Após a publicação da decisão do juiz Paulo Fernando de Brito Feitoza, da 4ª Vara da Fazenda Pública, Eduardo Braga tem prazo de 24 horas para a retirada de qualquer publicação que ligue o governo amazonense a responsabilidade do aumento do preço dos combustíveis no Estado.

A decisão atende ao pedido do Estado do Governo contra o senador e o Facebook. Na decisão, o juiz ainda determina que os réus divulguem, em até três dias, o direito de resposta na mesma rede social, o Instagram, e nos mesmos moldes em que foi publicada a fake News, esclarecendo que as informações publicadas anteriormente são falsas. A multa para o descumprimento da decisão é de R$10 mil, por dia.

Relembre o caso

No dia 3 de setembro, o senador Eduardo Braga usou uma matéria antiga sobre o aumento do ICMS no diesel, como se fosse atual. A intensão dele era criticar o governador Wilson Lima, tendo em vista as próximas eleições, de 2022, na qual ele se coloca como oposição ao atual governo.

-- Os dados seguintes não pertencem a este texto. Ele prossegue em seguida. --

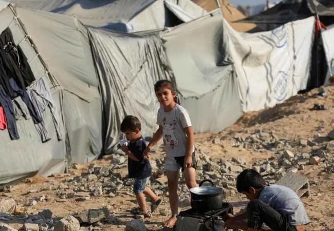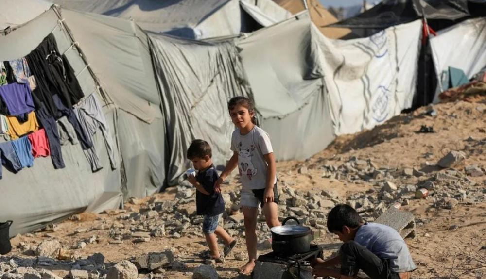 أطفالٌ مُهجَّرون في وسط قطاع غزّة، الشهر الماضي. سيأتي وقتٌ ما — كما يرى المتفائلون — تصل فيه الحقيقة إلى قلب الإسرائيليين وتجرحه.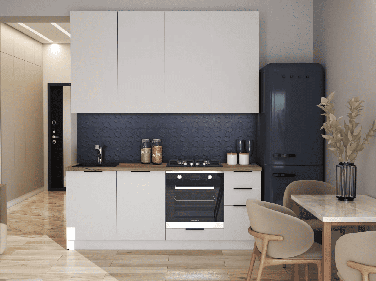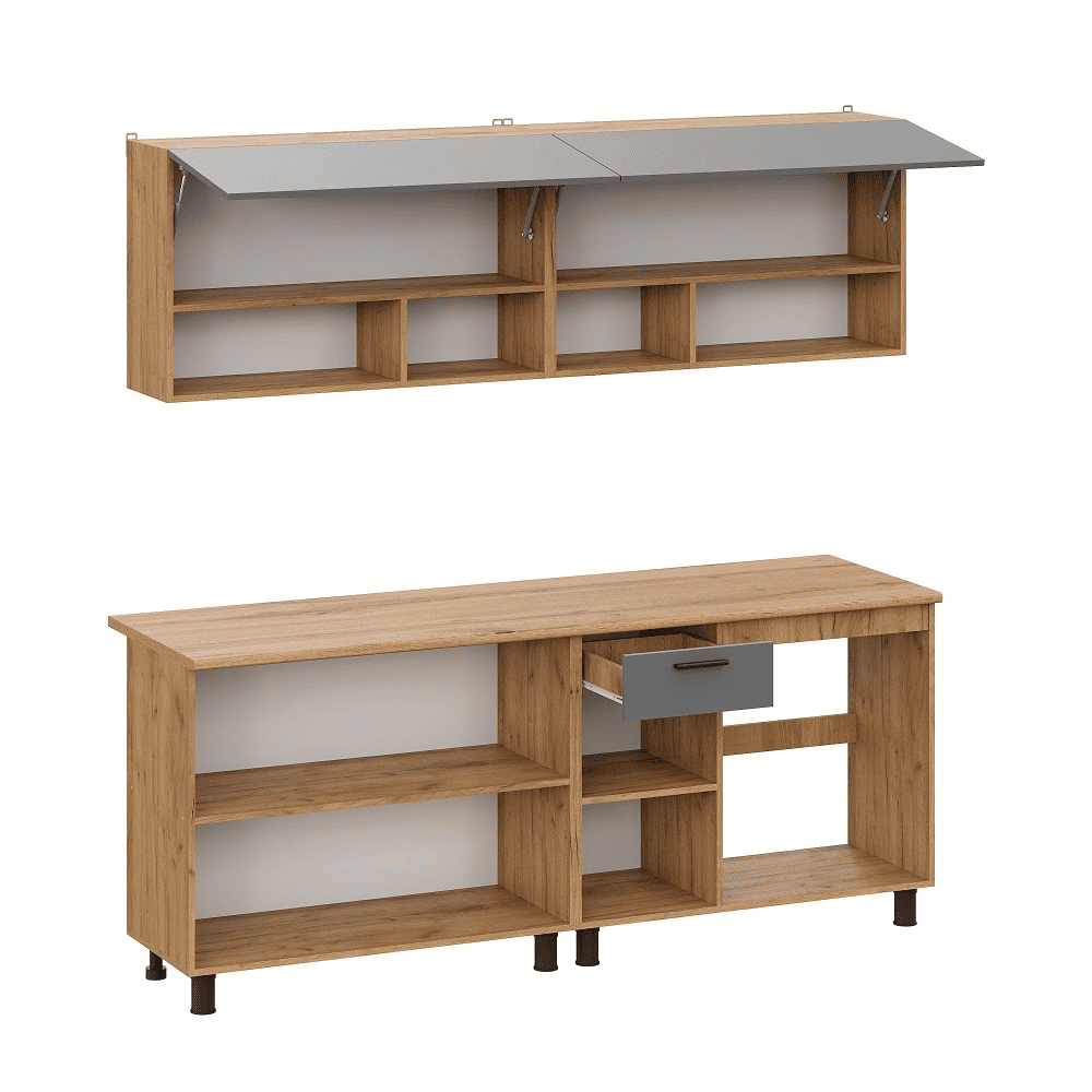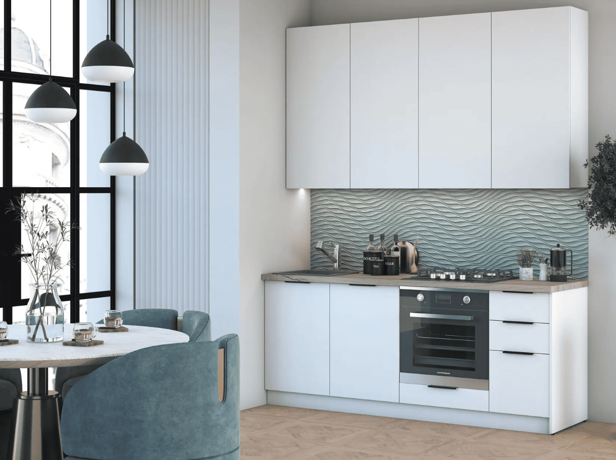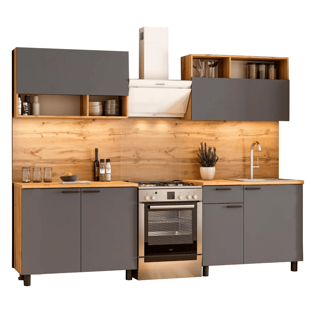Кухонный гарнитур Eva поможет создать эстетичное и функциональное пространство. Прямая конфигурация и небольшие габариты делают комплект идеальным выбором для квартиры-студии. Набор включает практичные элементы для хранения и позволяет обустроить удобную рабочую поверхность
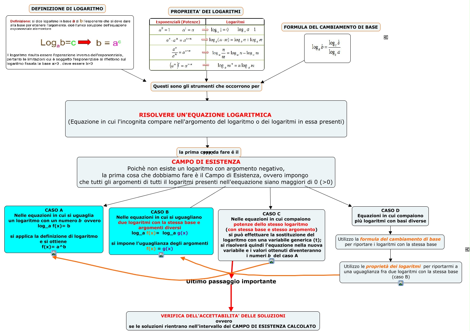 Questa Cmap, creata con IHMC CmapTools, contiene informazioni relative a: Equazioni logaritmiche, Questi sono gli strumenti che occorrono per,, RISOLVERE UN'EQUAZIONE LOGARITMICA (Equazione in cui l'incognita compare nell'argomento del logaritmo o dei logaritmi in essa presenti) ???? ????, CAMPO DI ESISTENZA Poichè non esiste un logaritmo con argomento negativo, la prima cosa che dobbiamo fare è il Campo di Esistenza, ovvero impongo che tutti gli argomenti di tutti il logaritmi presenti nell'eequazione siano maggiori di 0 (ɬ) ???? CASO D Equazioni in cui compaiono più logaritmi con basi diverse, CAMPO DI ESISTENZA Poichè non esiste un logaritmo con argomento negativo, la prima cosa che dobbiamo fare è il Campo di Esistenza, ovvero impongo che tutti gli argomenti di tutti il logaritmi presenti nell'eequazione siano maggiori di 0 (ɬ) ???? <math xmlns="http://www.w3.org/1998/Math/MathML"> <mtext> CASO A

Logo após a publicação de Eduardo, o governador Wilson Lima usou o seu Twitter para rebater as acusações. Na ocasião, ele disse que  “É mentirosa e leviana a afirmação feita pelo senador Eduardo Braga e o jornal ligado à sua família sobre aumento de ICMS do diesel (no Amazonas)”.

ICMS no Amazonas

O Amazonas tem uma das menores alíquotas de ICMS do Brasil, segundo o site nacional e especializado no assunto, o “Valor Econômico”. Ainda segundo o site, o governo do Amazonas mantém um dos menores índices de ICMS do País, com apenas 25% sobre o preço dos combustíveis.

Além do Amazonas, o Amapá, Roraima, Acre e Mato Grosso, que fazem parte de Amazônia Legal, mantiveram o mesmo percentual, segundo o Valor.